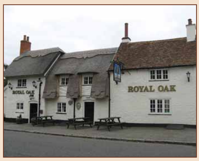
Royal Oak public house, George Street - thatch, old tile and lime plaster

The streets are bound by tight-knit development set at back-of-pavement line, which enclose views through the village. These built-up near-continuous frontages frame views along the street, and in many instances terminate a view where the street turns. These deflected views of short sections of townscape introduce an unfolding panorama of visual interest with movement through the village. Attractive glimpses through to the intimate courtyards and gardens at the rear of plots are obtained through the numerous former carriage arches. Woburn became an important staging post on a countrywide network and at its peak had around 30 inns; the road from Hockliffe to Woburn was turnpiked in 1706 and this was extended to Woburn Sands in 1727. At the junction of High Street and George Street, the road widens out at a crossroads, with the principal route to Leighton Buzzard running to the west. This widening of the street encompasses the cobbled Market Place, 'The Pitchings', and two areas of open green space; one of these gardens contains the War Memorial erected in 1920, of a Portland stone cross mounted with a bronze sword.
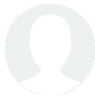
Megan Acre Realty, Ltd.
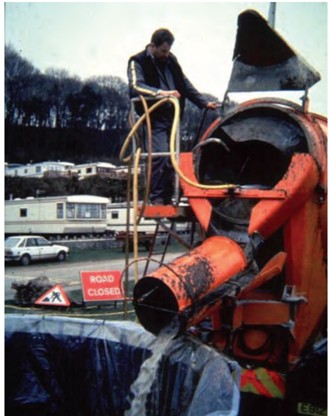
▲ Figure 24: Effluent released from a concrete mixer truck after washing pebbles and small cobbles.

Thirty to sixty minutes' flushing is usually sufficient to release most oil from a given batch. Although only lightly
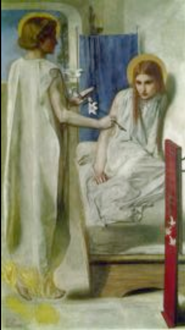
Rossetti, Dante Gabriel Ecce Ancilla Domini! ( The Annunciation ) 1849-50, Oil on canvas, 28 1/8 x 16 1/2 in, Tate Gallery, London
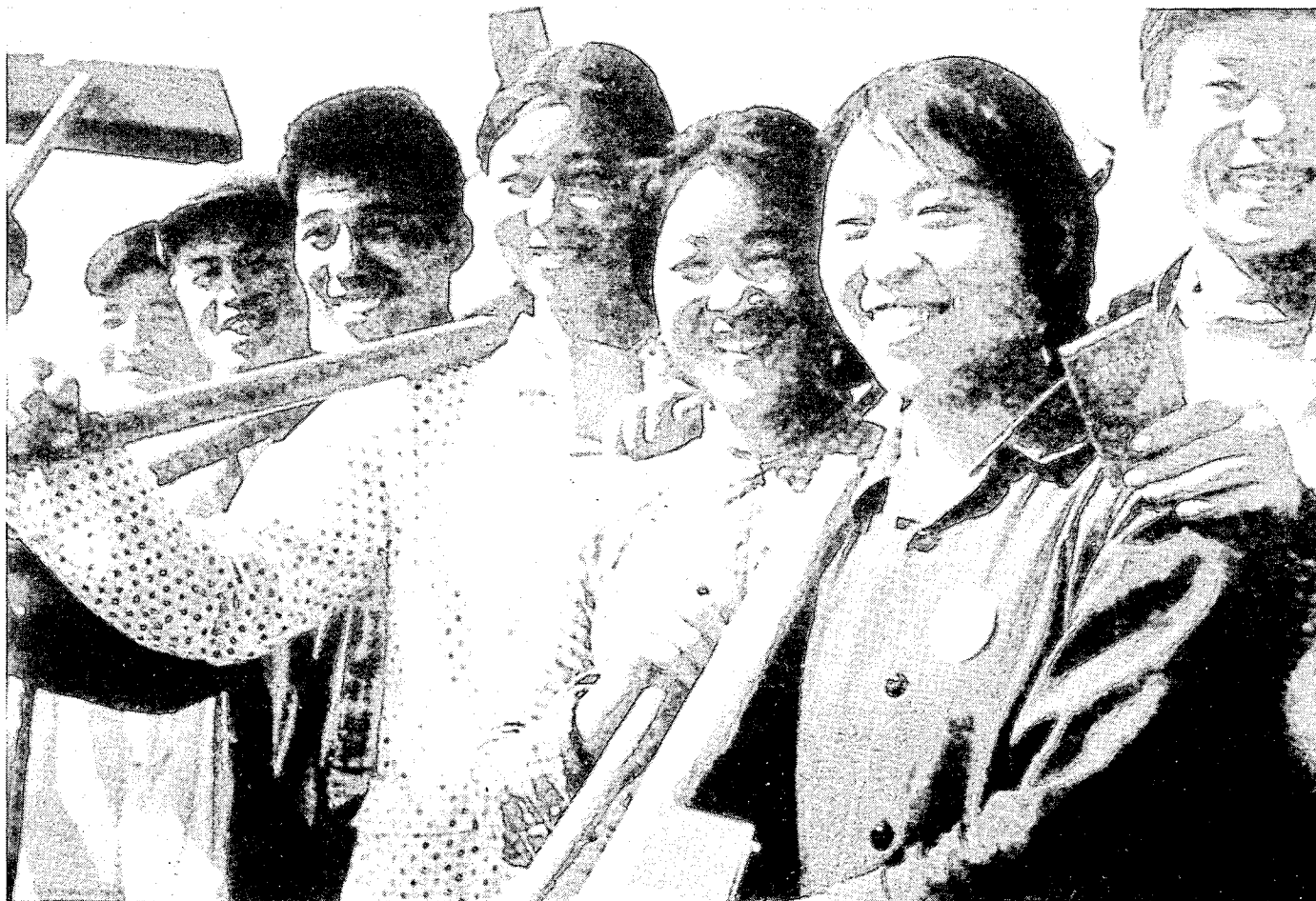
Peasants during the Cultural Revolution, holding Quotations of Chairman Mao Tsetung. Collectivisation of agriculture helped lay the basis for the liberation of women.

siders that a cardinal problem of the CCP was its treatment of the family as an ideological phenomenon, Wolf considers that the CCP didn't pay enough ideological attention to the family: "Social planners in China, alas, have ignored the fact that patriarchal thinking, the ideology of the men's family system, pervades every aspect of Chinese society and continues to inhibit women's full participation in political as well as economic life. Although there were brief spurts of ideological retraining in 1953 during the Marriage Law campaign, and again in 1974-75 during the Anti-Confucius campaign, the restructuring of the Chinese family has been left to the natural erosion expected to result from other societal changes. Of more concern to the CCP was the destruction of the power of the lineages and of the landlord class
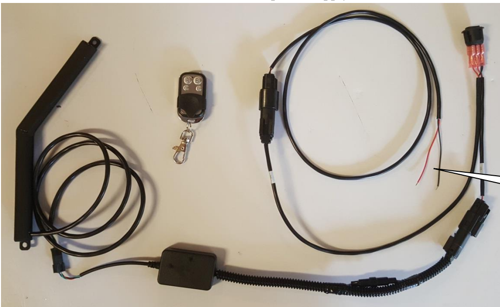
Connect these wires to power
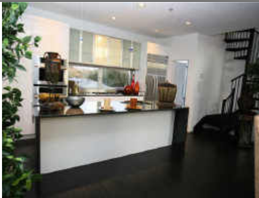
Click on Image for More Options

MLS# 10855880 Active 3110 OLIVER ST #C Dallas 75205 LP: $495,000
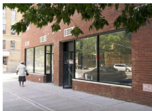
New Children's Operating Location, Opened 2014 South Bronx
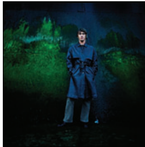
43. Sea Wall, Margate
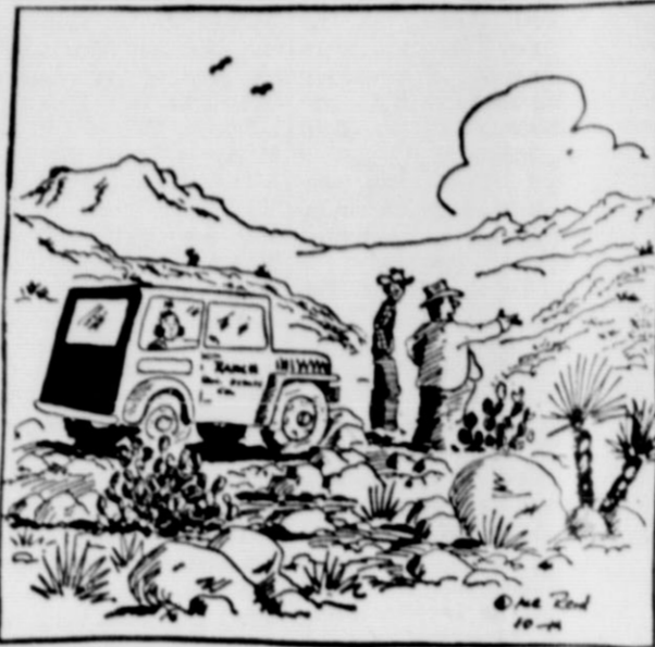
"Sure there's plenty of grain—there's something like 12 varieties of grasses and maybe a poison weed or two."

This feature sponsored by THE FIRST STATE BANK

========

◆ PROBLEM DETAILS: Skip every picture and return the lines above from the top through the one that contains "Rossetti, Dante Gabriel".

◆ TASK ANSWER:
Royal Oak public house, George Street - thatch, old tile and lime plaster

The streets are bound by tight-knit development set at back-of-pavement line, which enclose views through the village. These built-up near-continuous frontages frame views along the street, and in many instances terminate a view where the street turns. These deflected views of short sections of townscape introduce an unfolding panorama of visual interest with movement through the village. Attractive glimpses through to the intimate courtyards and gardens at the rear of plots are obtained through the numerous former carriage arches. Woburn became an important staging post on a countrywide network and at its peak had around 30 inns; the road from Hockliffe to Woburn was turnpiked in 1706 and this was extended to Woburn Sands in 1727. At the junction of High Street and George Street, the road widens out at a crossroads, with the principal route to Leighton Buzzard running to the west. This widening of the street encompasses the cobbled Market Place, 'The Pitchings', and two areas of open green space; one of these gardens contains the War Memorial erected in 1920, of a Portland stone cross mounted with a bronze sword.
Megan Acre Realty, Ltd.
▲ Figure 24: Effluent released from a concrete mixer truck after washing pebbles and small cobbles.

Thirty to sixty minutes' flushing is usually sufficient to release most oil from a given batch. Although only lightly
Rossetti, Dante Gabriel Ecce Ancilla Domini! ( The Annunciation ) 1849-50, Oil on canvas, 28 1/8 x 16 1/2 in, Tate Gallery, London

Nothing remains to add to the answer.